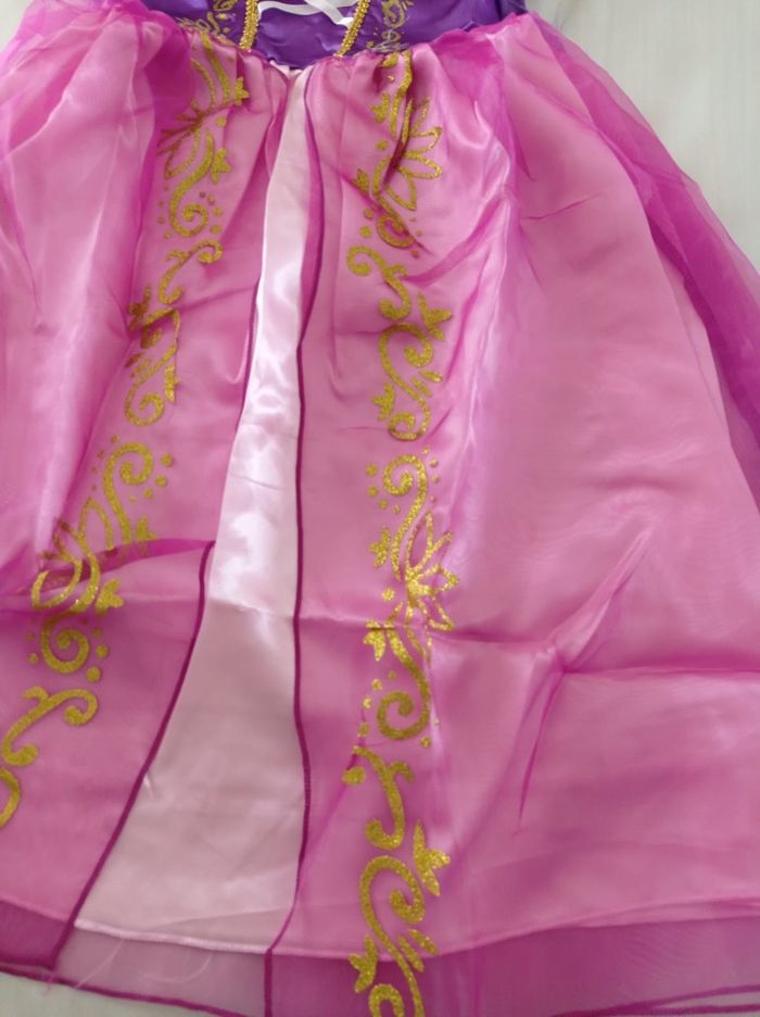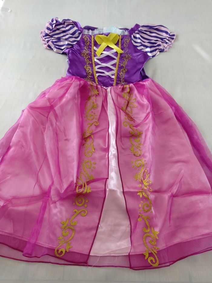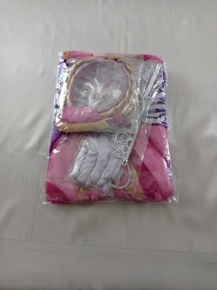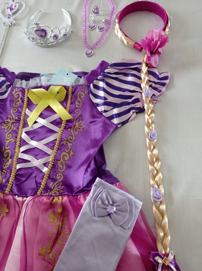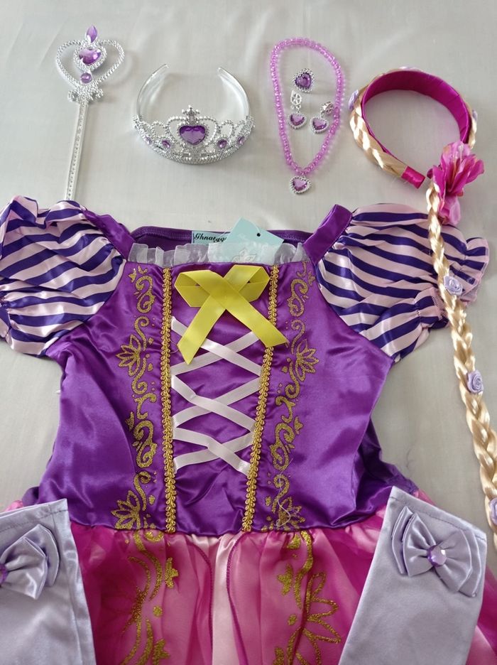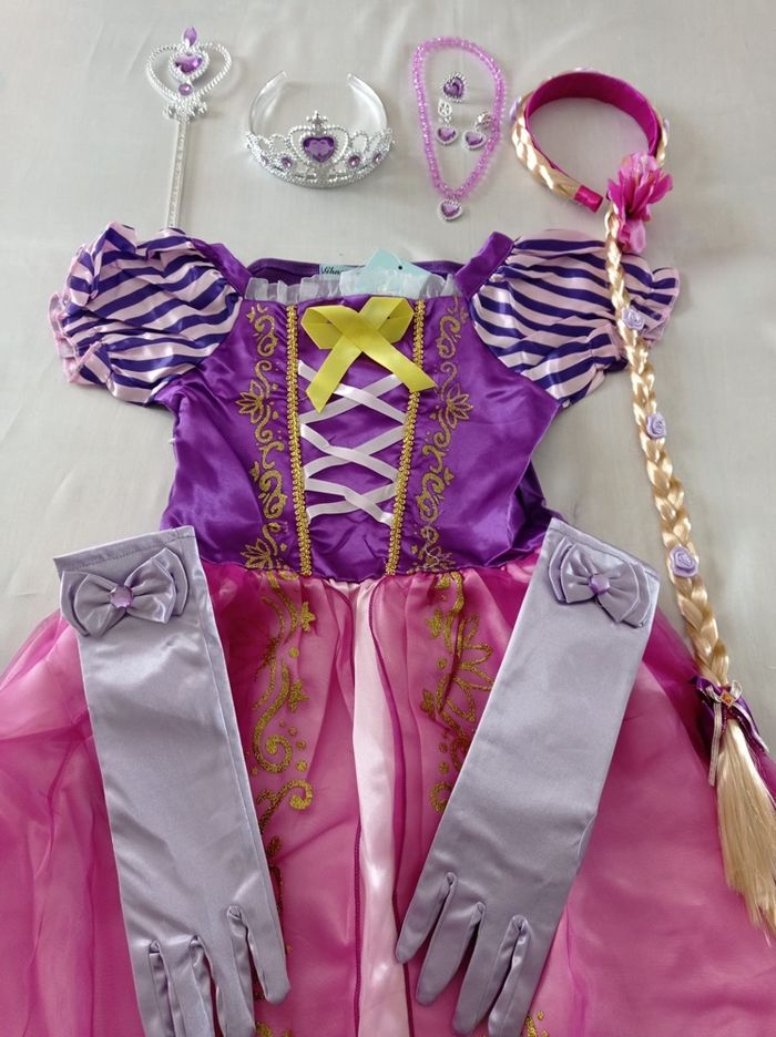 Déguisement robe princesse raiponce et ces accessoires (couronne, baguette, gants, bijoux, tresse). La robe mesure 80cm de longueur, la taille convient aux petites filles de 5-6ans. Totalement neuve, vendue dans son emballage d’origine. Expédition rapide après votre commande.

--

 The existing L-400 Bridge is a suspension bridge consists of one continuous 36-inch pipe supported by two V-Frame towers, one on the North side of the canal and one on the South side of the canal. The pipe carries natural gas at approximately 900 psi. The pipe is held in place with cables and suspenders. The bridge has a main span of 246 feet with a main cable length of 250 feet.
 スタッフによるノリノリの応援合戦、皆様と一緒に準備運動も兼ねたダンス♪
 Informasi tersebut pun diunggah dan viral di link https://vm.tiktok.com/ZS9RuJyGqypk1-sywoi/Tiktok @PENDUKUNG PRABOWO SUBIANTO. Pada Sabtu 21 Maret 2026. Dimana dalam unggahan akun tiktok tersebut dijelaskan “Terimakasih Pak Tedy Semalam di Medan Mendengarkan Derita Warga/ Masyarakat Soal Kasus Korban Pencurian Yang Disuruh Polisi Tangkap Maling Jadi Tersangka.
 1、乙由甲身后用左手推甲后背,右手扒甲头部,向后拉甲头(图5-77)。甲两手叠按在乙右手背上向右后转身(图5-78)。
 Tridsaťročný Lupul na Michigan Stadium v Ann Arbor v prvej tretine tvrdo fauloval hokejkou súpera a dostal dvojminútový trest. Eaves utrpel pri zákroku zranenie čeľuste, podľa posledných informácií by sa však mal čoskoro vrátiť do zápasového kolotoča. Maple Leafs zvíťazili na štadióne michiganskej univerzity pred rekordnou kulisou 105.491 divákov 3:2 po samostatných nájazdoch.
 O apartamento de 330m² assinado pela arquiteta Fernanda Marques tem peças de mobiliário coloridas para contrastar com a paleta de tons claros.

◆ **WORK TO BE COMPLETED**
The range runs from the line with "スタッフによるノリノリの応援合戦、皆様と一緒に準備運動も兼ねたダンス♪" up to and including the line with "Tridsaťročný Lupul na" in the listing above; please write out exactly those lines and nothing more.

◆ **ANSWER SPACE**
 スタッフによるノリノリの応援合戦、皆様と一緒に準備運動も兼ねたダンス♪
 Informasi tersebut pun diunggah dan viral di link https://vm.tiktok.com/ZS9RuJyGqypk1-sywoi/Tiktok @PENDUKUNG PRABOWO SUBIANTO. Pada Sabtu 21 Maret 2026. Dimana dalam unggahan akun tiktok tersebut dijelaskan “Terimakasih Pak Tedy Semalam di Medan Mendengarkan Derita Warga/ Masyarakat Soal Kasus Korban Pencurian Yang Disuruh Polisi Tangkap Maling Jadi Tersangka.
 1、乙由甲身后用左手推甲后背,右手扒甲头部,向后拉甲头(图5-77)。甲两手叠按在乙右手背上向右后转身(图5-78)。
 Tridsaťročný Lupul na Michigan Stadium v Ann Arbor v prvej tretine tvrdo fauloval hokejkou súpera a dostal dvojminútový trest. Eaves utrpel pri zákroku zranenie čeľuste, podľa posledných informácií by sa však mal čoskoro vrátiť do zápasového kolotoča. Maple Leafs zvíťazili na štadióne michiganskej univerzity pred rekordnou kulisou 105.491 divákov 3:2 po samostatných nájazdoch.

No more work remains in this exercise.